_WHAT TO DO_
Look through the entries below and extract exactly the lines from the one containing "All vinyl stickers" through the one containing "Набір дитячого силіконового", ends included.
START SOURCE MATERIAL
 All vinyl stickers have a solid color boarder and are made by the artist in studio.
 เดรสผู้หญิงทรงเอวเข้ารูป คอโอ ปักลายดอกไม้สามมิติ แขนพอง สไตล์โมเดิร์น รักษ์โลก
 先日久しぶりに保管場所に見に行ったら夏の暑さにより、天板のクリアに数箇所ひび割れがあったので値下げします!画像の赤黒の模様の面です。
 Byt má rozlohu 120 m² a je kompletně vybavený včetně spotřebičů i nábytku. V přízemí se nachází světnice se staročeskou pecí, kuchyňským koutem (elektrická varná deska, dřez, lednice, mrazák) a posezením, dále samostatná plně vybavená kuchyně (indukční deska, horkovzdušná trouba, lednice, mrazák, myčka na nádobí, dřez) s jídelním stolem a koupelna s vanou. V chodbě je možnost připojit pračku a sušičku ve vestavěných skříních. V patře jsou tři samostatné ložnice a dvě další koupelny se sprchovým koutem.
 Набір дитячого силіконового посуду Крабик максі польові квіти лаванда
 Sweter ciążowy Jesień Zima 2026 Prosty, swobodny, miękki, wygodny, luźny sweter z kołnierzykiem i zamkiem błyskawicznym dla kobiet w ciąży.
END SOURCE MATERIAL
START SOURCE MATERIAL
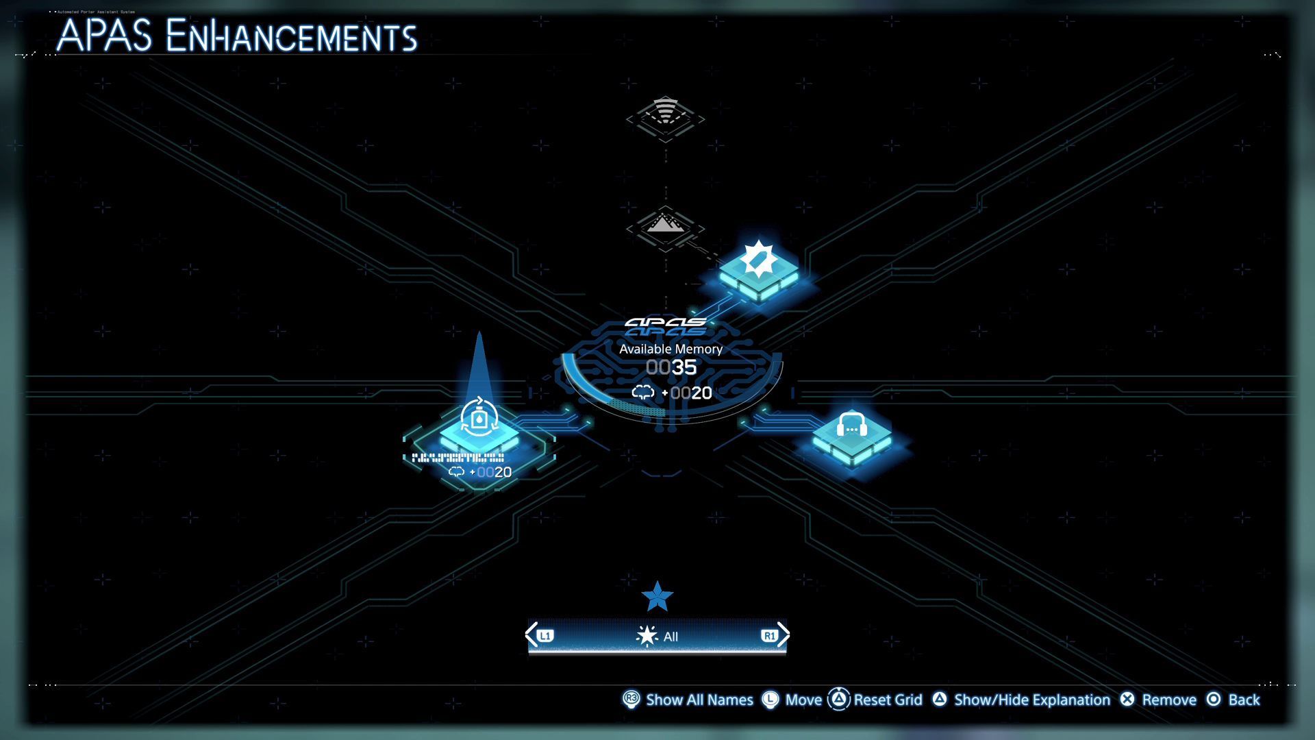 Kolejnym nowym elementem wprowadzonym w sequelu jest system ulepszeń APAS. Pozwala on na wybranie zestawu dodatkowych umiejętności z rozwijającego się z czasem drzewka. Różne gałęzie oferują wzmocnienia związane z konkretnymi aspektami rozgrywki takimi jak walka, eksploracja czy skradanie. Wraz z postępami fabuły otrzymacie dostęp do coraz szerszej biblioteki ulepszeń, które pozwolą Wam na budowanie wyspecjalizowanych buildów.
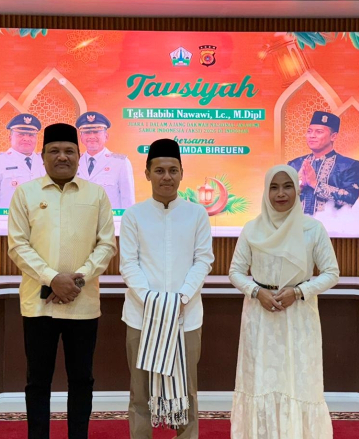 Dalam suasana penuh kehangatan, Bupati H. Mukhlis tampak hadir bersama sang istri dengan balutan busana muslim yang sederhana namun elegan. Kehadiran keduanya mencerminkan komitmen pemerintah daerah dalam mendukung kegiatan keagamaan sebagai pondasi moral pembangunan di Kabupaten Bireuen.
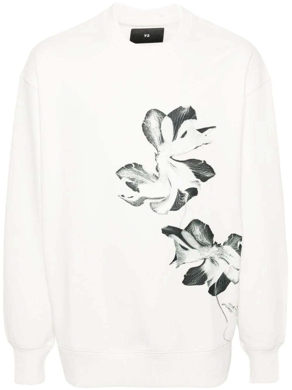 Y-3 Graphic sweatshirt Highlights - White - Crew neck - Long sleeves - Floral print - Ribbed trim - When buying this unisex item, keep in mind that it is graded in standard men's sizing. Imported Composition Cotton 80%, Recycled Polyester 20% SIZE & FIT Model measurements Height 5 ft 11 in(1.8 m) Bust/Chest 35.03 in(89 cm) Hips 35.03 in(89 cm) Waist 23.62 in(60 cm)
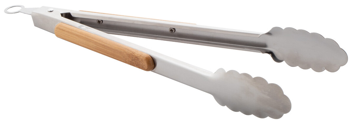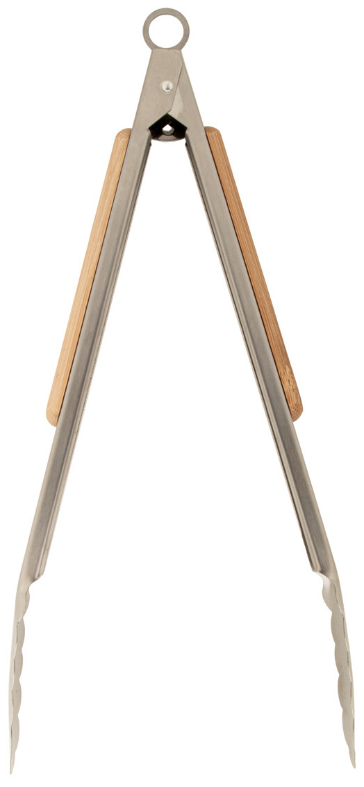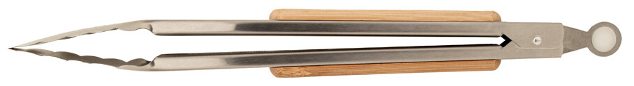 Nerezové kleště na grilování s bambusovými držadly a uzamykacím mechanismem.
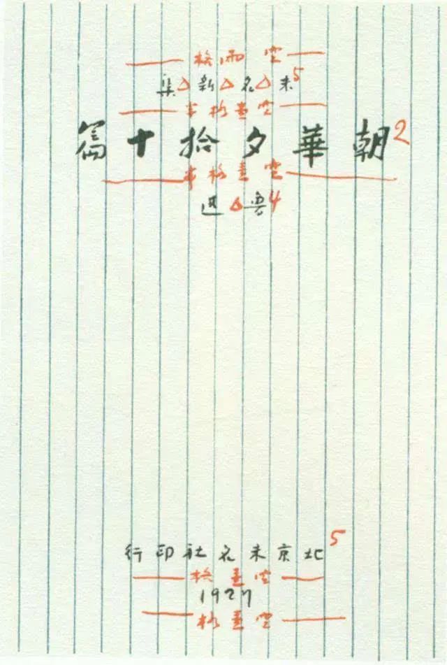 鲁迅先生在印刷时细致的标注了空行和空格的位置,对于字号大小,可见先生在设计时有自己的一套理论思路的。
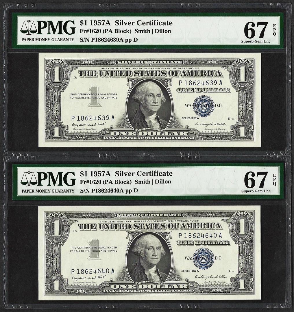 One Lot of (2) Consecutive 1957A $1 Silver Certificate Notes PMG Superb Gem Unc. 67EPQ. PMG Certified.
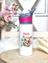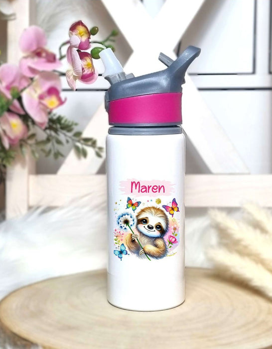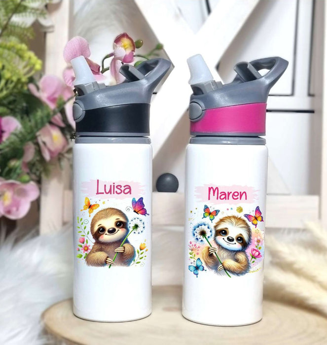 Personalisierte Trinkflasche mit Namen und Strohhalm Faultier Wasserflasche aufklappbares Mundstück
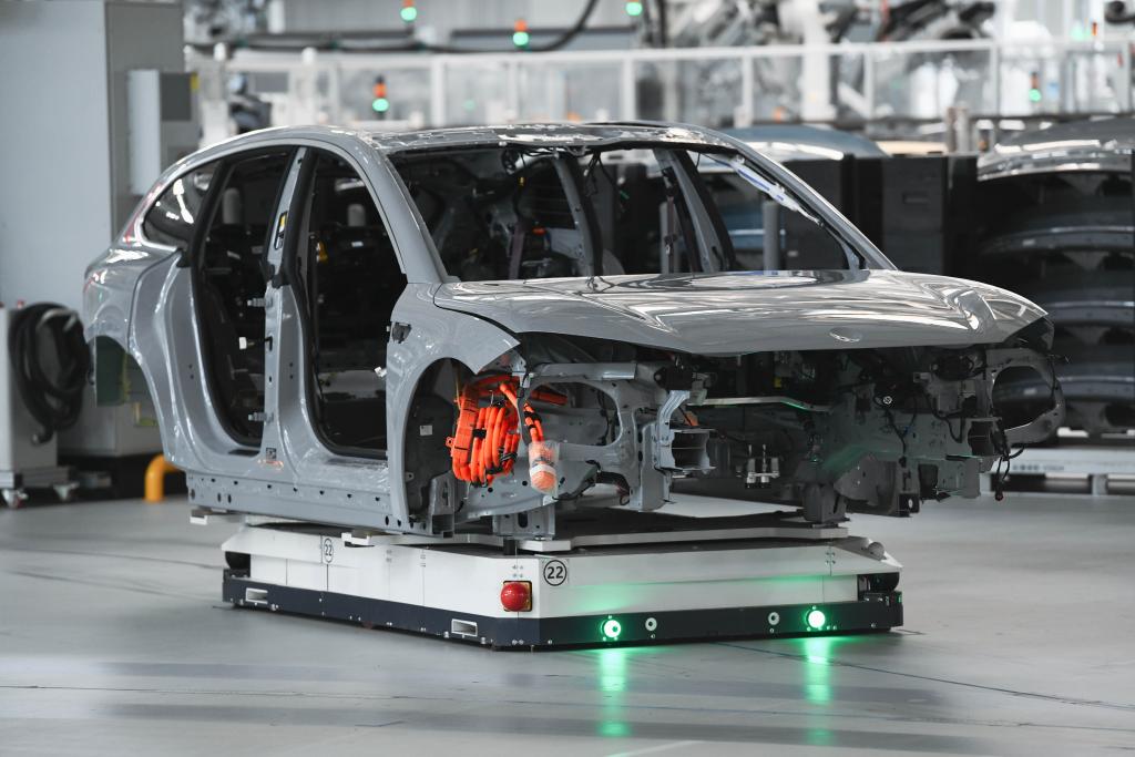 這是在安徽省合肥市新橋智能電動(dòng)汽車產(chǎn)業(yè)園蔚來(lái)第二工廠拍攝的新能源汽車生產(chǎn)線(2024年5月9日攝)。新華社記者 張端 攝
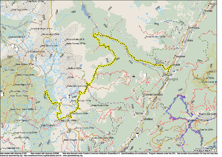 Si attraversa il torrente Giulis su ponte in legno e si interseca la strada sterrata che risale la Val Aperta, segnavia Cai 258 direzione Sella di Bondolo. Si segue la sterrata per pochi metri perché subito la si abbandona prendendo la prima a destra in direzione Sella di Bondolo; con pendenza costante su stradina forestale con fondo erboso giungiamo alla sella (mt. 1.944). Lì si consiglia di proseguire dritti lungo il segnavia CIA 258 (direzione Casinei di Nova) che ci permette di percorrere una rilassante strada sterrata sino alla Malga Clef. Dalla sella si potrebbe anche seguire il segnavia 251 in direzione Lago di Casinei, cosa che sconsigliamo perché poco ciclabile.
END SOURCE MATERIAL
_SOLUTION BELOW_
 All vinyl stickers have a solid color boarder and are made by the artist in studio.
 เดรสผู้หญิงทรงเอวเข้ารูป คอโอ ปักลายดอกไม้สามมิติ แขนพอง สไตล์โมเดิร์น รักษ์โลก
 先日久しぶりに保管場所に見に行ったら夏の暑さにより、天板のクリアに数箇所ひび割れがあったので値下げします!画像の赤黒の模様の面です。
 Byt má rozlohu 120 m² a je kompletně vybavený včetně spotřebičů i nábytku. V přízemí se nachází světnice se staročeskou pecí, kuchyňským koutem (elektrická varná deska, dřez, lednice, mrazák) a posezením, dále samostatná plně vybavená kuchyně (indukční deska, horkovzdušná trouba, lednice, mrazák, myčka na nádobí, dřez) s jídelním stolem a koupelna s vanou. V chodbě je možnost připojit pračku a sušičku ve vestavěných skříních. V patře jsou tři samostatné ložnice a dvě další koupelny se sprchovým koutem.
 Набір дитячого силіконового посуду Крабик максі польові квіти лаванда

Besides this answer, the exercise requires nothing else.